I was curious if there was a specific field researching this. After some research, I found that these topics are well-established. I am finally starting to identify exactly where my problem fits.
Key concepts I discovered.
Bimanual Manipulation
The bimanual manipulation is also known as dual-arm manipulation. Interestingly, one of the top papers appeared on Google index, 📄Learning Fine-Grained Bimanual Manipulation with Low-Cost Hardware, is by Tony Z. Zhao. He co-founded Sunday Robotics | The helpful robotics company with Cheng Chi, the author of 📄Diffusion Policy: Visuomotor Policy Learning via Action Diffusion.
Reorientation
Changing an object from an “L” to a “J” is called reorientation. The following video shows an example of in-hand reorientation, where the robot uses only its fingers to reorient an object without external surfaces.
Extrinsic Dexterity
The extrinsic dexterity is a fascinating concept initiated by Home. It describes how a robot manipulates objects by leveraging resources outside of its own hands or fingers, such as using gravity, friction, or a table surface to flip or turn an object.

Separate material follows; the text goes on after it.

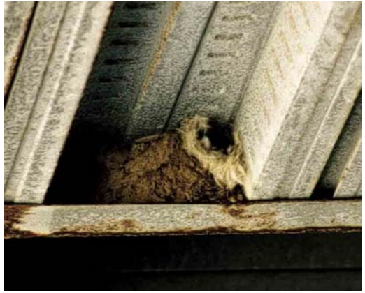
25 Nest of Little Swift / Huisgierzwaluw Apus affinis , Cádiz province, Andalucía, Spain, 14 June 2004

Leonidas Guibas’s lab also mentioned a paper in this field, Learning to Regrasp by Learning to Place.
Solution?
Generally, solutions in this field fall into 2 categories.
- Classic Mechanics: using geometric or physics-based solvers.
- Reinforcement Learning: training a policy to handle the movement.
For example, the paper 📄Learning Extrinsic Dexterity with Parameterized Manipulation Primitives uses RL to teach a robot how to flip objects effectively.